Show Up and Let Yourself be Seen

Is vulnerability the same as weakness? “In our culture,” teaches Dr. Brené Brown, “we associate vulnerability with emotions we want to avoid such as fear, shame, and uncertainty. Yet we too often lose sight of the fact that vulnerability is also the birthplace of joy, belonging, creativity, authenticity, and love.” The Power of Vulnerability with Brené Brown offers an invitation and a promise—that when we dare to drop the armor that protects us from feeling vulnerable, we open ourselves to the experiences that bring purpose and meaning to our lives. In this video learning course, Dr. Brown dispels the cultural myth that vulnerability is weakness and reveals that it is, in truth, our most accurate measure of courage.

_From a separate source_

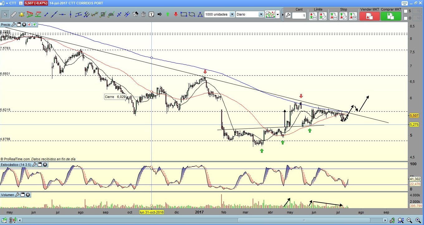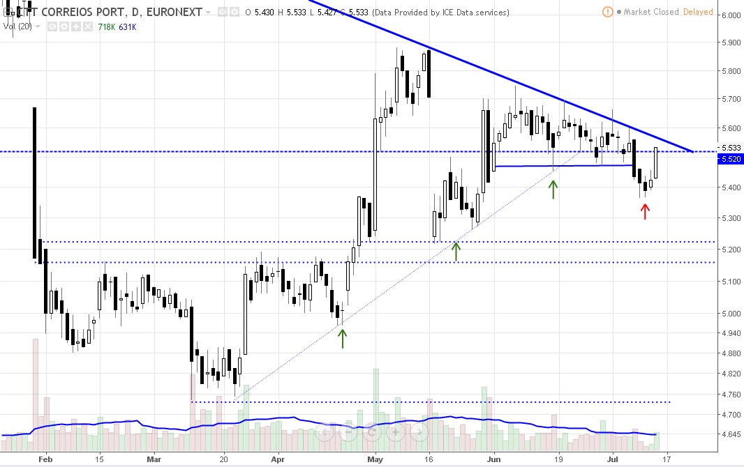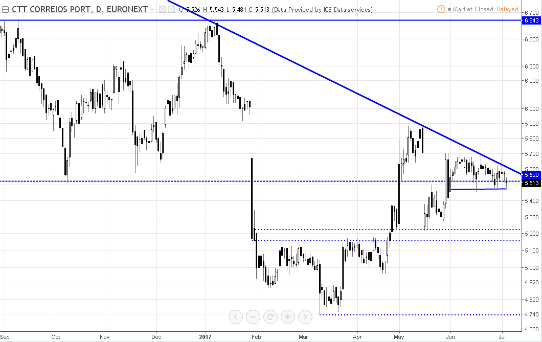Os CTT poisaram num 1.º suporte em 5,39. Se partir é mais uma vitória para ursos e a cotação poderá aproximar-se de 5.

“The Power of Vulnerability with Brené Brown is a very personal project for me,” Brené explains. “This is the first place that all of my work comes together. This online course draws from all three of my books—it’s the culmination of everything I’ve learned over the past twelve years. I’m very excited to weave it all into a truly comprehensive form that shows what these findings and insights can mean in our lives.”

Over the past twelve years, Dr. Brené Brown has interviewed hundreds of people as part of an ongoing study of vulnerability. “The research shows that we try to ward disappointment with a shield of cynicism, disarm shame by numbing ourselves against joy, and circumvent grief by shutting off our willingness to love,” explains Dr. Brown. When we become aware of these patterns, she teaches, we begin to become conscious of how much we sacrifice in the name of self-defense—and how much richer our lives become when we open ourselves to vulnerability.

“In my research,” Dr. Brown says, “the word I use to describe people who can live from a place of vulnerability is wholehearted.” Being wholehearted is a practice—one that we can choose to cultivate through empathy, gratitude, and awareness of our vulnerability triggers. Join this engaging teacher as she offers profound insights on leaning into the full spectrum of emotions—so we can show up, let ourselves be seen, and truly be all in.

What You Will Receive:

More than Seven Hours of Video Learning – Dr. Brené Brown offers six 60-minute video sections (broken down into shorter lectures) of insights and practices for overcoming our fear of vulnerability and living a wholehearted life, plus two sessions of Q&A with Dr. Brown recorded with participants of the live course.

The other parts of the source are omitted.